SOURCE DATA:
************

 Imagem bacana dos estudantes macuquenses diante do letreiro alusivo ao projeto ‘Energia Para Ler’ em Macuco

************

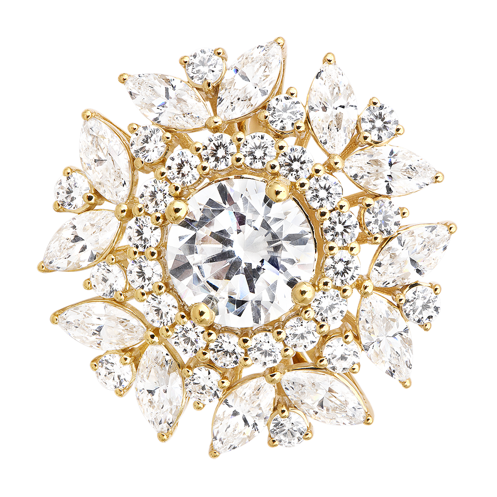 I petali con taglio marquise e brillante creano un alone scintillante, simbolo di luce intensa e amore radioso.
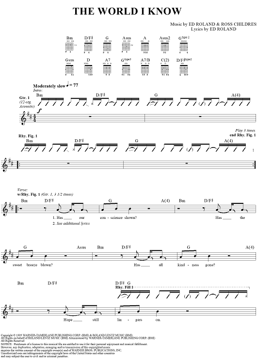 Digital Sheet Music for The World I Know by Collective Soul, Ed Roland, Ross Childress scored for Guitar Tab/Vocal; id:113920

************

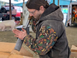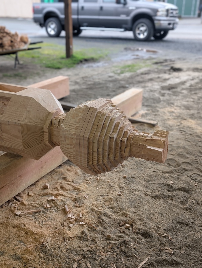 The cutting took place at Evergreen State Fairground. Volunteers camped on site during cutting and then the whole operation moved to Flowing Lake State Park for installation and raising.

************

EXERCISE REQUIREMENTS:
In the data above, find the line with "I petali con" and the line with "Digital Sheet Music". Please copy exactly those two lines and every line between them, but not the pictures.

TASK RESPONSE:
 I petali con taglio marquise e brillante creano un alone scintillante, simbolo di luce intensa e amore radioso.
 Digital Sheet Music for The World I Know by Collective Soul, Ed Roland, Ross Childress scored for Guitar Tab/Vocal; id:113920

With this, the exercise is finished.